Stored data entries:
_ _ _

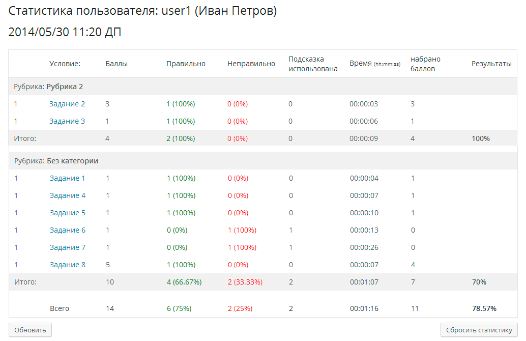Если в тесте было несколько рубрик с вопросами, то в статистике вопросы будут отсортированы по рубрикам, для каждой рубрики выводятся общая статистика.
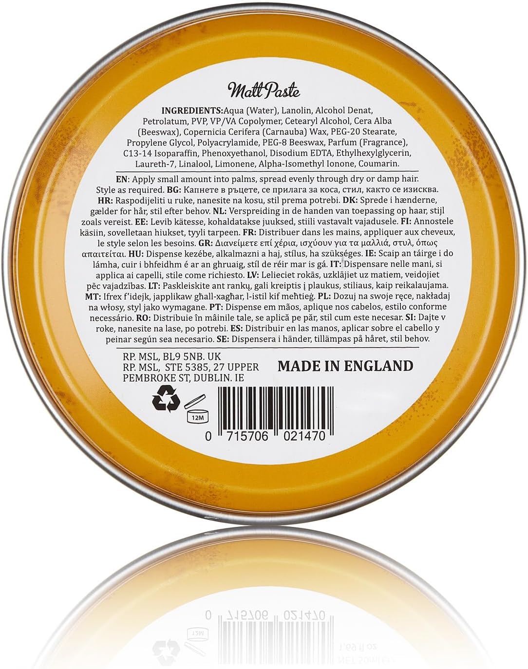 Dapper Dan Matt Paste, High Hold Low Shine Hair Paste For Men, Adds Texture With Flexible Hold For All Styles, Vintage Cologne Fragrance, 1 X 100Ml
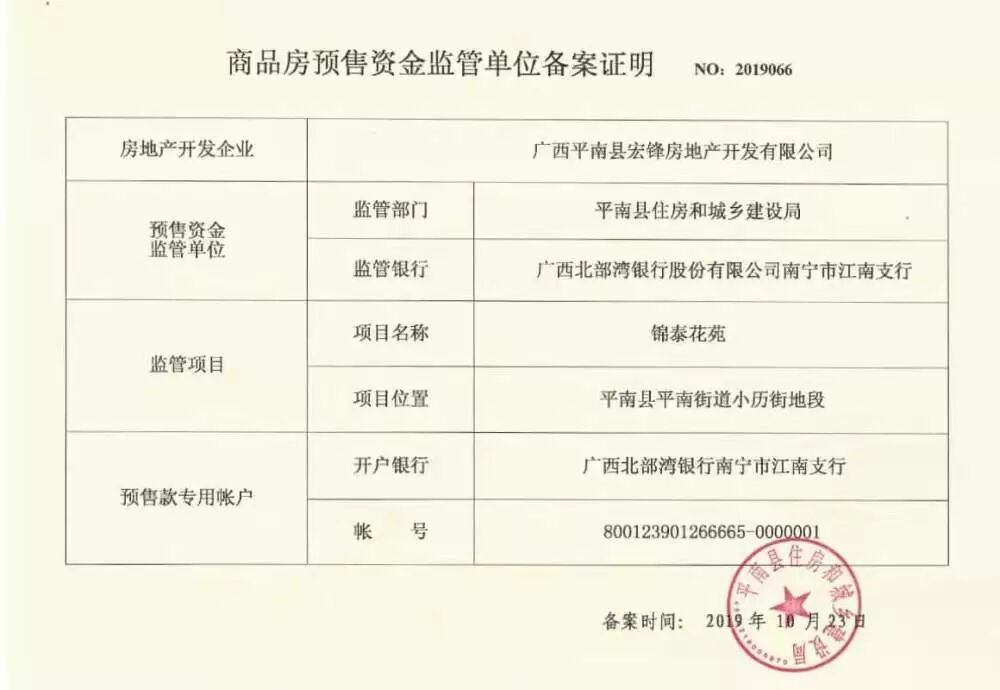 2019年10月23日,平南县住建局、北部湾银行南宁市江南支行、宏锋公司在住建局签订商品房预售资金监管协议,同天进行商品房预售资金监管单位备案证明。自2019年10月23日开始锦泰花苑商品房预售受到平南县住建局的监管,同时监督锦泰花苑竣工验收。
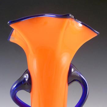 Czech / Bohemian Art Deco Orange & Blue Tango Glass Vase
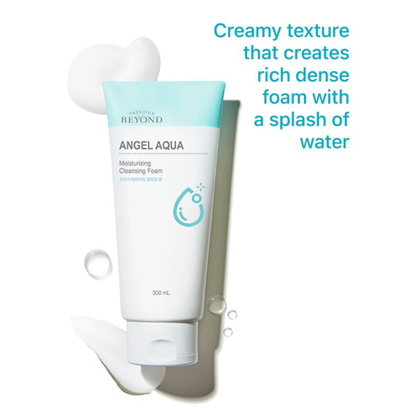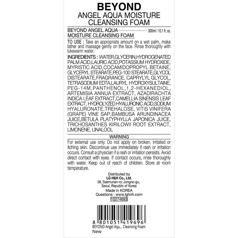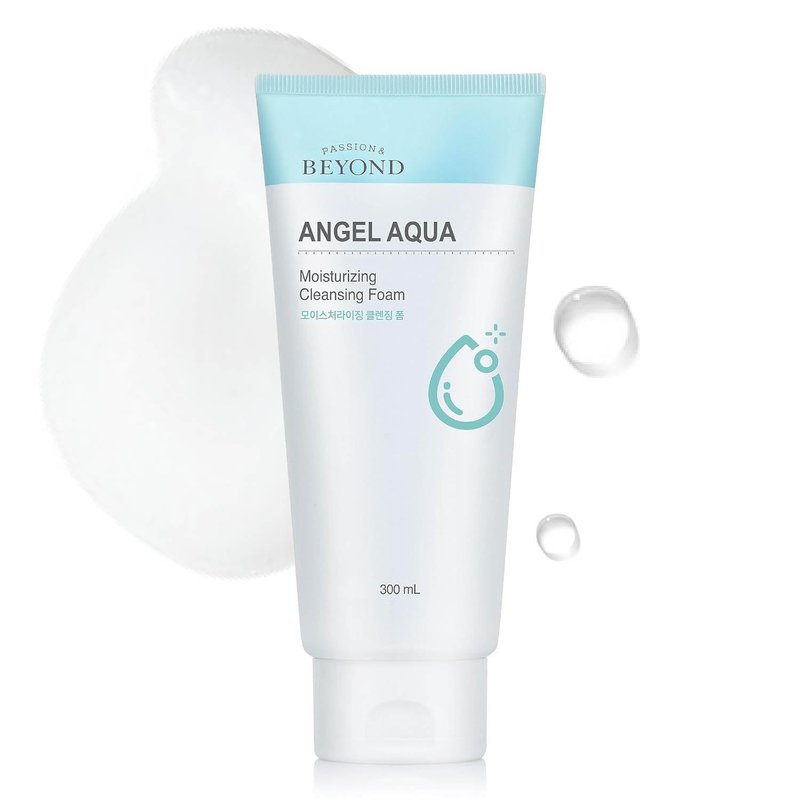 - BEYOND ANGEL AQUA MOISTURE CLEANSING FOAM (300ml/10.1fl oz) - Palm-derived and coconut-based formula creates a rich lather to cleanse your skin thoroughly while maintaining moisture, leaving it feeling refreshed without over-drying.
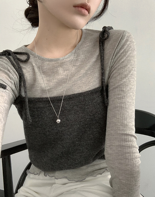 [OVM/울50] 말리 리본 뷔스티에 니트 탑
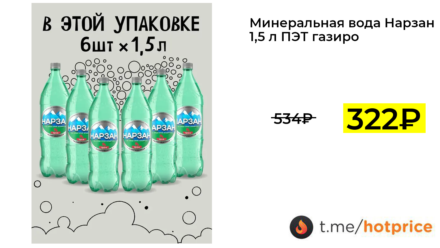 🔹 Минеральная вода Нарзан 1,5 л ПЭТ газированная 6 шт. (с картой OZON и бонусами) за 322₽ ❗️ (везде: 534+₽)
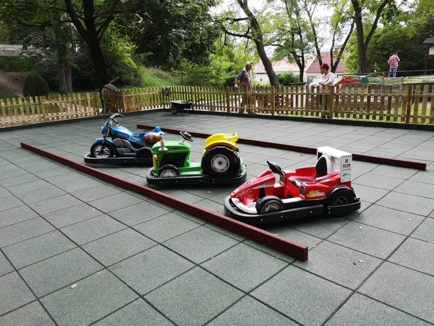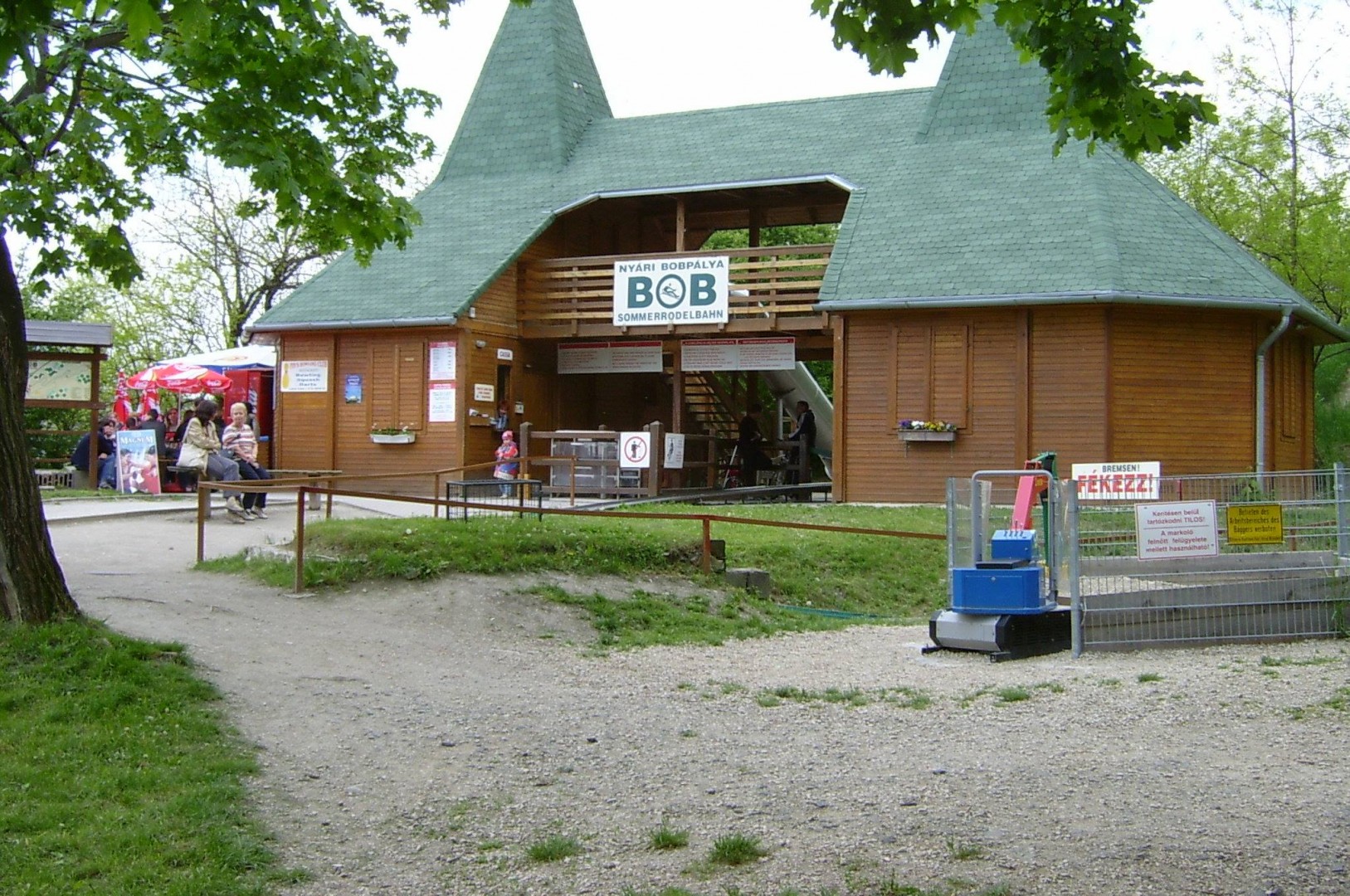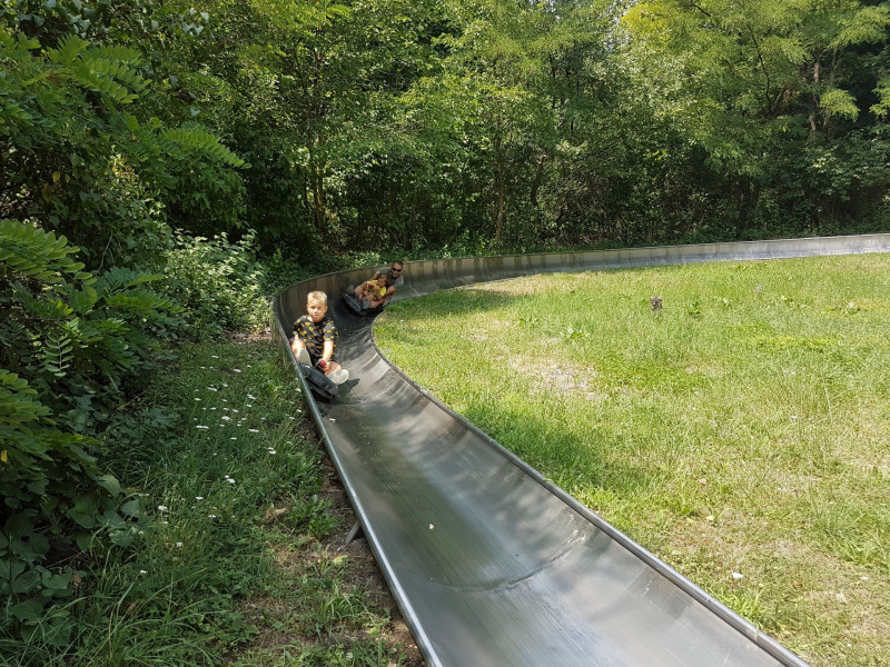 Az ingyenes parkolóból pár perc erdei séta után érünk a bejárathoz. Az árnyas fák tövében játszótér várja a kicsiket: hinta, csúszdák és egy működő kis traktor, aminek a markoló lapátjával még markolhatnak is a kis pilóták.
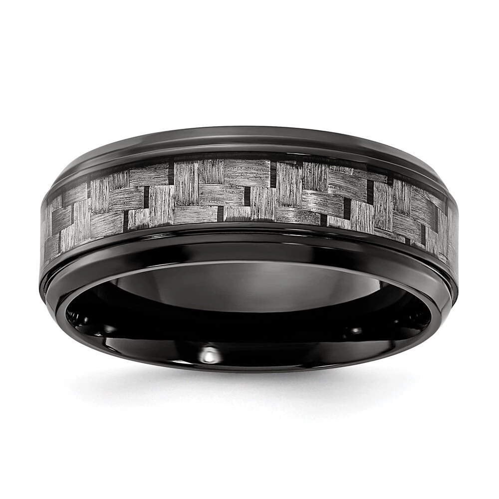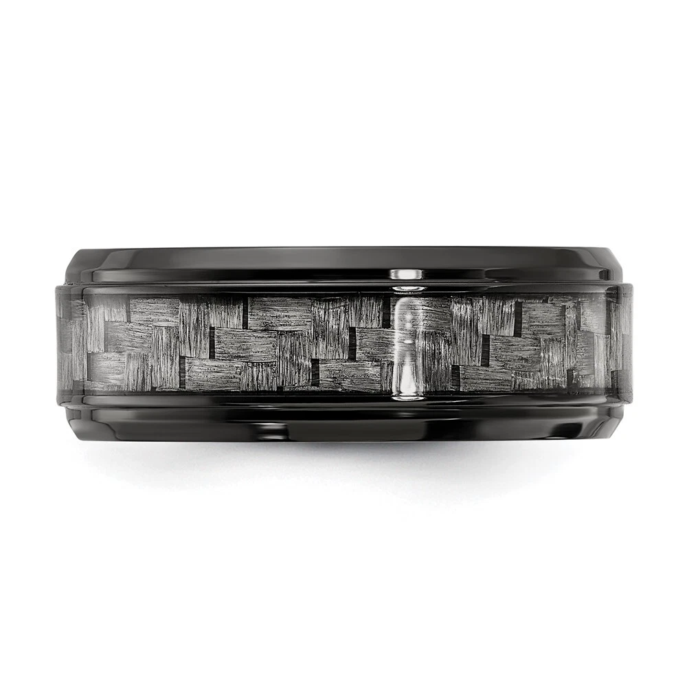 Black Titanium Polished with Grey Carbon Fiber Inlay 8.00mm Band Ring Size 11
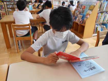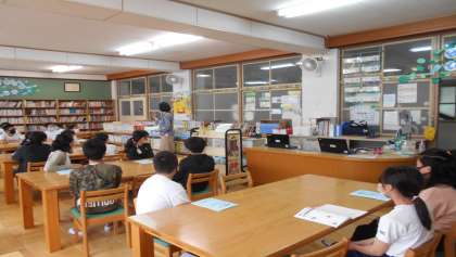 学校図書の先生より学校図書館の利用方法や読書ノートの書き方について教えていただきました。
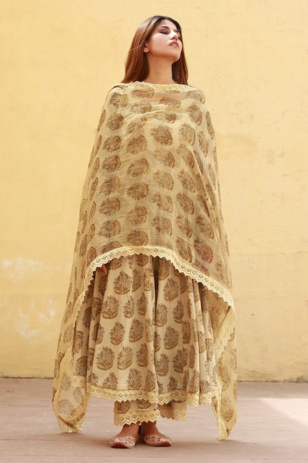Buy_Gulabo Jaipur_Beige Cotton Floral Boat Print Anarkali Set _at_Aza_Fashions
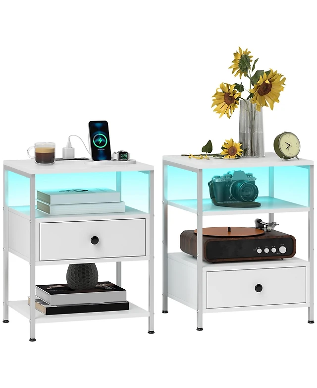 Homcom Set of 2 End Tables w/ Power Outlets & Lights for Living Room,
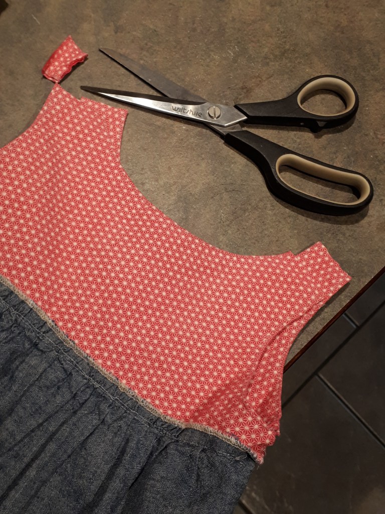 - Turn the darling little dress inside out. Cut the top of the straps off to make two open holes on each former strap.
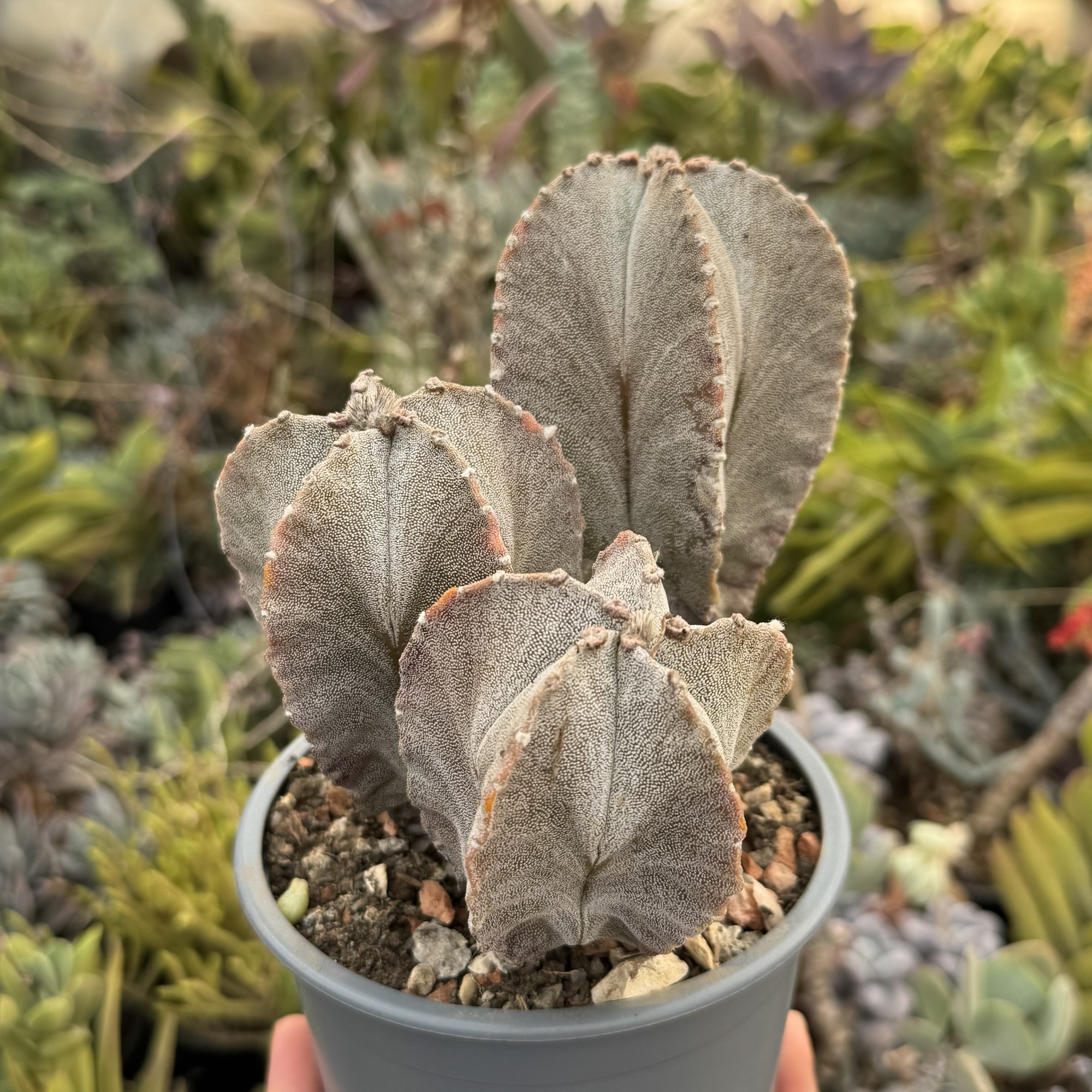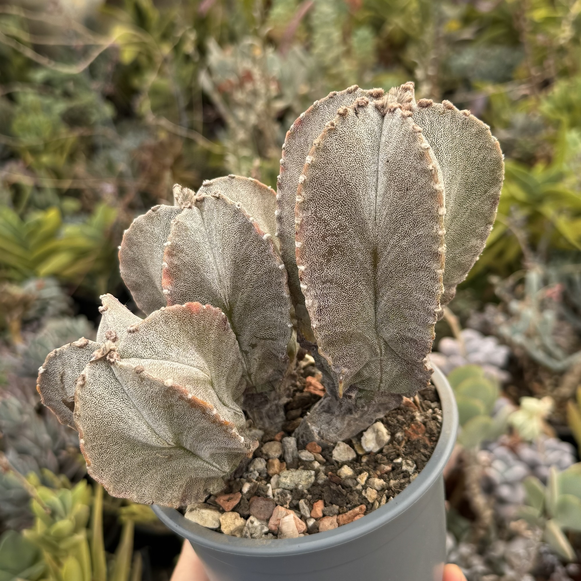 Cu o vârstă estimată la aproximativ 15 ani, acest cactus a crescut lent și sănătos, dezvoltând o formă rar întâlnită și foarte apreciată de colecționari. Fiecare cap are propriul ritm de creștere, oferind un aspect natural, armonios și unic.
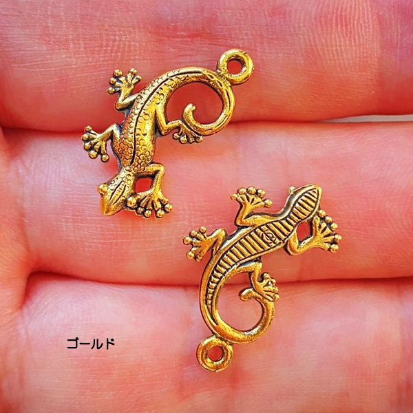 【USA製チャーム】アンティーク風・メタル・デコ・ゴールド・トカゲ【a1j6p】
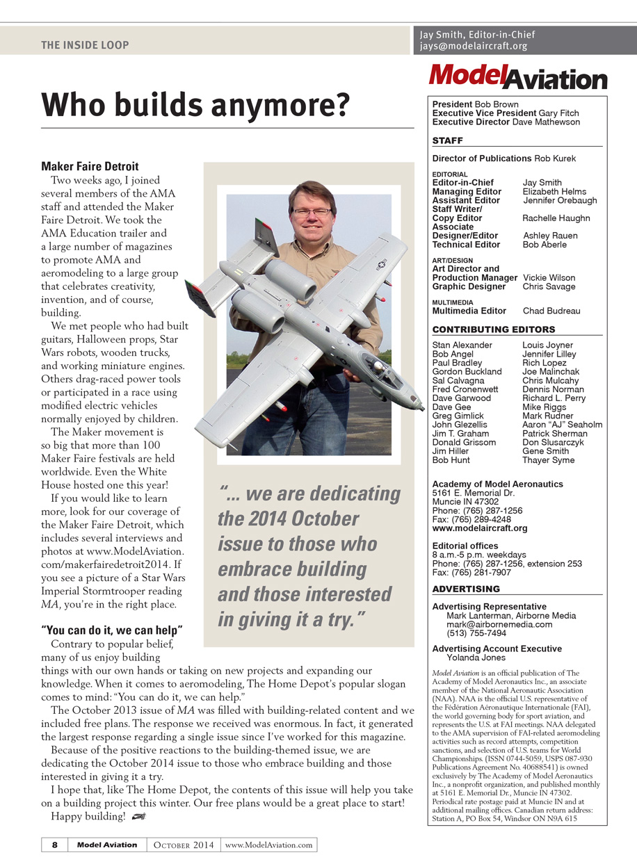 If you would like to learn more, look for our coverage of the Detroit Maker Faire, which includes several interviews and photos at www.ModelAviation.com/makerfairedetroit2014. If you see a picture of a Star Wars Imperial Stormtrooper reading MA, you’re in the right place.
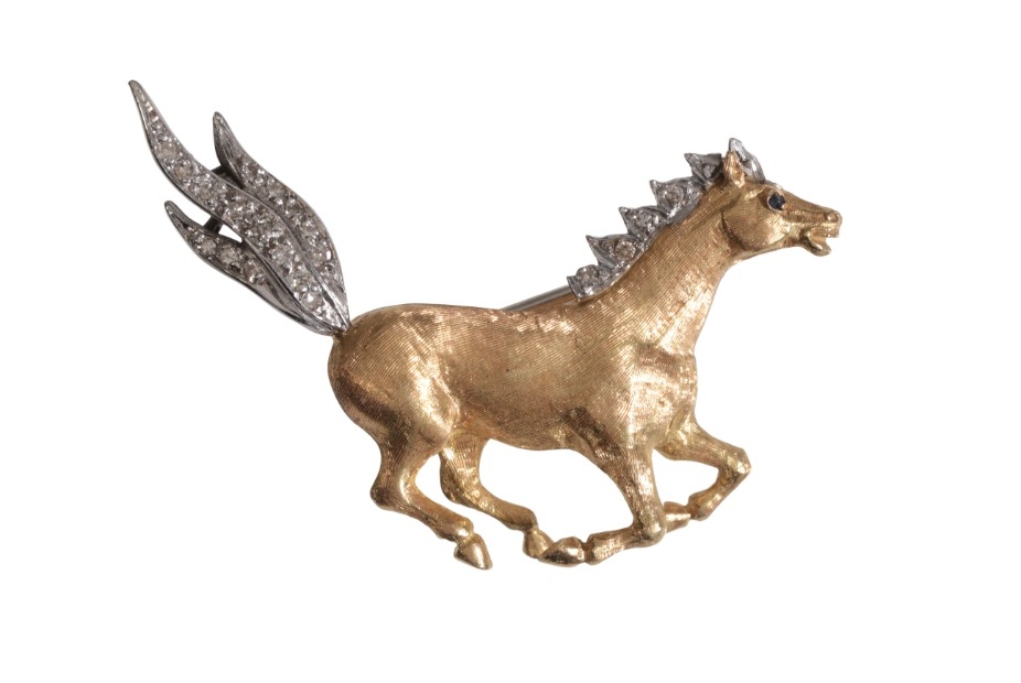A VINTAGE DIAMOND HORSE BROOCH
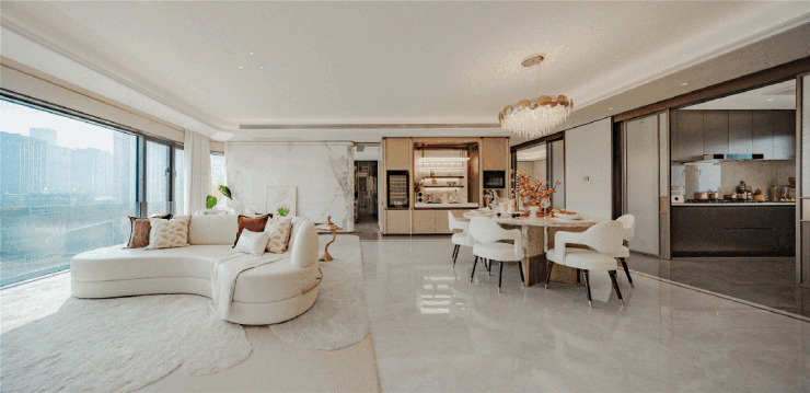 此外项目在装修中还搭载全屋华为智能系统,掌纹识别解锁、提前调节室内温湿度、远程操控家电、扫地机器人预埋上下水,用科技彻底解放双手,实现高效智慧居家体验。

_ _ _

Required work: Repeat word for word the lines above, from the first entry through the line containing "322₽ ❗️ (везде: 534+₽)", with both ends kept and the pictures dropped.

Solution:
Если в тесте было несколько рубрик с вопросами, то в статистике вопросы будут отсортированы по рубрикам, для каждой рубрики выводятся общая статистика.
 Dapper Dan Matt Paste, High Hold Low Shine Hair Paste For Men, Adds Texture With Flexible Hold For All Styles, Vintage Cologne Fragrance, 1 X 100Ml
 2019年10月23日,平南县住建局、北部湾银行南宁市江南支行、宏锋公司在住建局签订商品房预售资金监管协议,同天进行商品房预售资金监管单位备案证明。自2019年10月23日开始锦泰花苑商品房预售受到平南县住建局的监管,同时监督锦泰花苑竣工验收。
 Czech / Bohemian Art Deco Orange & Blue Tango Glass Vase
 - BEYOND ANGEL AQUA MOISTURE CLEANSING FOAM (300ml/10.1fl oz) - Palm-derived and coconut-based formula creates a rich lather to cleanse your skin thoroughly while maintaining moisture, leaving it feeling refreshed without over-drying.
 [OVM/울50] 말리 리본 뷔스티에 니트 탑
 🔹 Минеральная вода Нарзан 1,5 л ПЭТ газированная 6 шт. (с картой OZON и бонусами) за 322₽ ❗️ (везде: 534+₽)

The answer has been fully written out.